'''

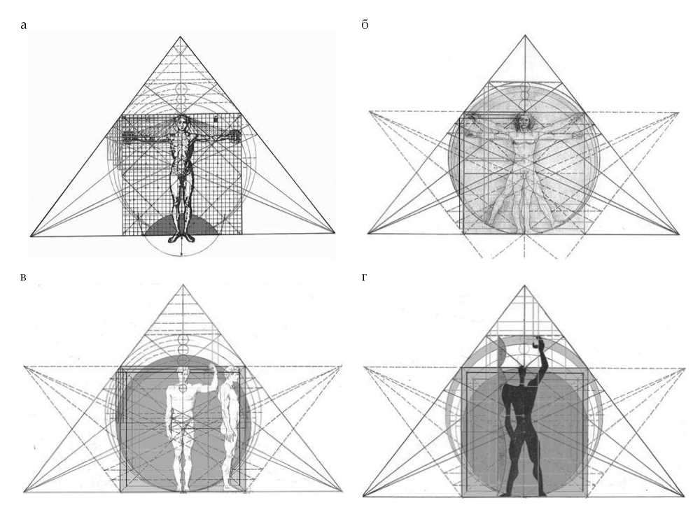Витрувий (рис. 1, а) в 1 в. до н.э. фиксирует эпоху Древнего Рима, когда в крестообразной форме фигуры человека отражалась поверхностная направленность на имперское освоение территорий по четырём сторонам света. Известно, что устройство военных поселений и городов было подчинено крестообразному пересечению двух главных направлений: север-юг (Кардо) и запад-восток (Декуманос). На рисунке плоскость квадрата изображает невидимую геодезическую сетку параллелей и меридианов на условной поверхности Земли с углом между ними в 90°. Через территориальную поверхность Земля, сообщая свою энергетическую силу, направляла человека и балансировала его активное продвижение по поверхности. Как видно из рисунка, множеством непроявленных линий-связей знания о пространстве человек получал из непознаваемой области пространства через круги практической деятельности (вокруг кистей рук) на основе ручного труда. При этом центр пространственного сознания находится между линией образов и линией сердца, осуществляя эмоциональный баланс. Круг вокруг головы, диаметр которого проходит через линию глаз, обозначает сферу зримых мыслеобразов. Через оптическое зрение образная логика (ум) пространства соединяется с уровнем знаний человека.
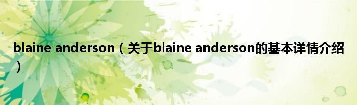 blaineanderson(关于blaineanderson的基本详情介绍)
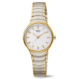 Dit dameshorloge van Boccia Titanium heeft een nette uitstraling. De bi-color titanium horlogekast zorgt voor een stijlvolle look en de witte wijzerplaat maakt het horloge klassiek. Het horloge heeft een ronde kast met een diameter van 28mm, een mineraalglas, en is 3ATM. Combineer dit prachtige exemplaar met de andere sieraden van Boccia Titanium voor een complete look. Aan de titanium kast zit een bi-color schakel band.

'''
'''

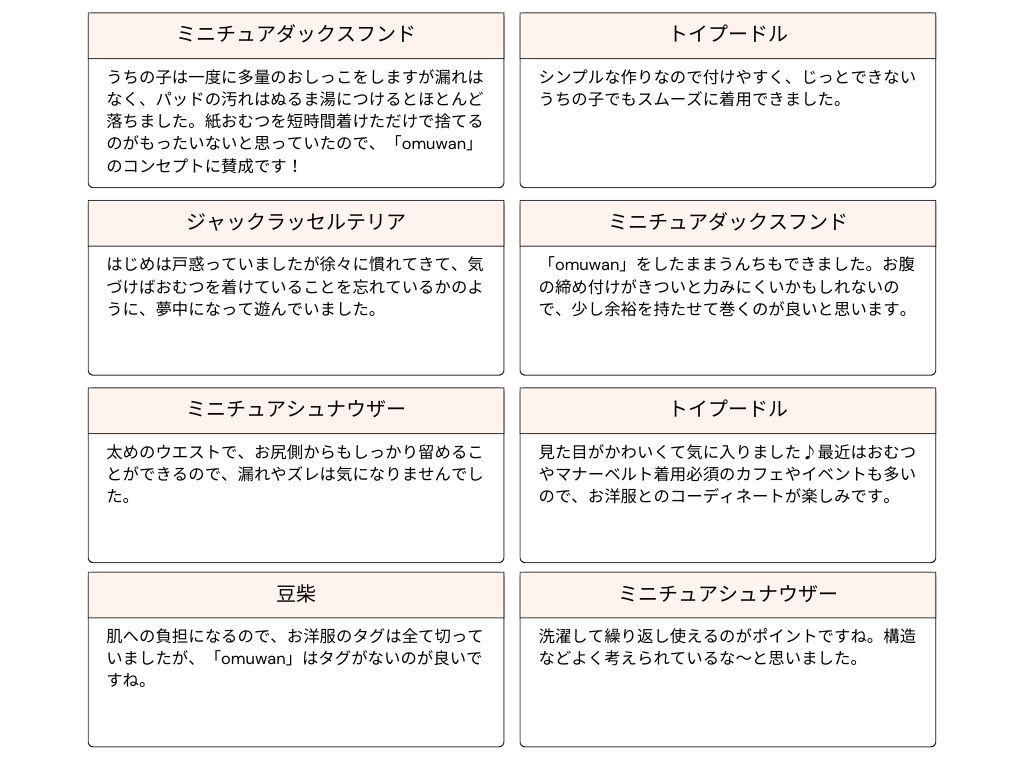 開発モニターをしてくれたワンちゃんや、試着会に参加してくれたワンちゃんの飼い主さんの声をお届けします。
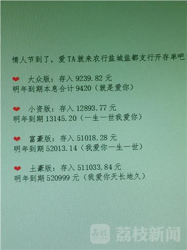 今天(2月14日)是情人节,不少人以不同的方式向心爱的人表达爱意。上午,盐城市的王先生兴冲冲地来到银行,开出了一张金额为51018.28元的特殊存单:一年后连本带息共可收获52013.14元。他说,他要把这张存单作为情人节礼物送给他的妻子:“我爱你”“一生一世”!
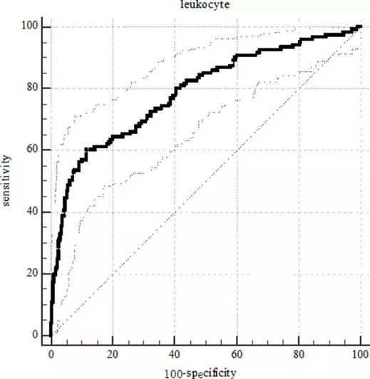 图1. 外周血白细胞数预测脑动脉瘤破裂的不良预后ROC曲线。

'''
'''

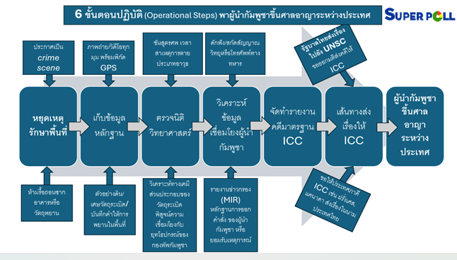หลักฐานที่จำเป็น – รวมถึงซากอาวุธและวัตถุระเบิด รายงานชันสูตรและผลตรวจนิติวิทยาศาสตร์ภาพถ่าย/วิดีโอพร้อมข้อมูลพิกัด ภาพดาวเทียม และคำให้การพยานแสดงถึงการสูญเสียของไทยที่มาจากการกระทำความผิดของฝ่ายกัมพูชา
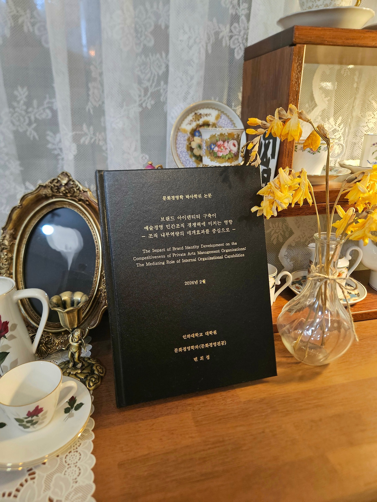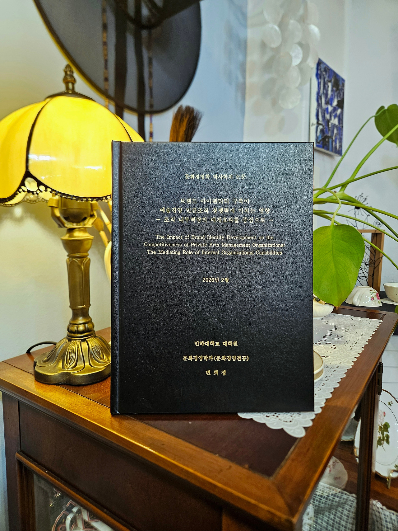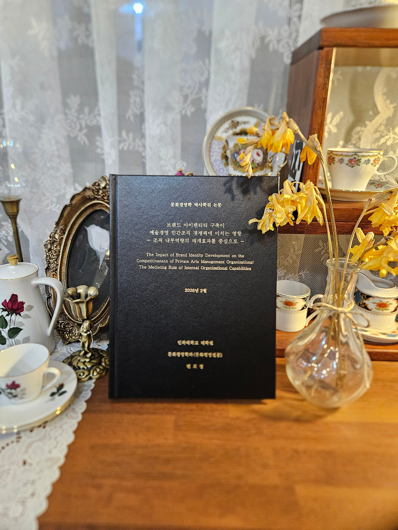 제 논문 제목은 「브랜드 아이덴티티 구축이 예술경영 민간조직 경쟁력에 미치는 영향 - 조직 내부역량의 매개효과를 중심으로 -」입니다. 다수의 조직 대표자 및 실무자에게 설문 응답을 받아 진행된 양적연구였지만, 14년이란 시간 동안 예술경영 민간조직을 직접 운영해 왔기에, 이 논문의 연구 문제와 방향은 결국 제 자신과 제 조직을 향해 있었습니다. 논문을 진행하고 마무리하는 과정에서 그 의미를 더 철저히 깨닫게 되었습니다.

'''

> Exercise objective
Take the material above from the line containing "Витрувий (рис. 1, а)" up to and including the line containing "blaineanderson(关于blaineanderson的基本详情介绍)" and retype it exactly, without any pictures.

> Result of this exercise
Витрувий (рис. 1, а) в 1 в. до н.э. фиксирует эпоху Древнего Рима, когда в крестообразной форме фигуры человека отражалась поверхностная направленность на имперское освоение территорий по четырём сторонам света. Известно, что устройство военных поселений и городов было подчинено крестообразному пересечению двух главных направлений: север-юг (Кардо) и запад-восток (Декуманос). На рисунке плоскость квадрата изображает невидимую геодезическую сетку параллелей и меридианов на условной поверхности Земли с углом между ними в 90°. Через территориальную поверхность Земля, сообщая свою энергетическую силу, направляла человека и балансировала его активное продвижение по поверхности. Как видно из рисунка, множеством непроявленных линий-связей знания о пространстве человек получал из непознаваемой области пространства через круги практической деятельности (вокруг кистей рук) на основе ручного труда. При этом центр пространственного сознания находится между линией образов и линией сердца, осуществляя эмоциональный баланс. Круг вокруг головы, диаметр которого проходит через линию глаз, обозначает сферу зримых мыслеобразов. Через оптическое зрение образная логика (ум) пространства соединяется с уровнем знаний человека.
 blaineanderson(关于blaineanderson的基本详情介绍)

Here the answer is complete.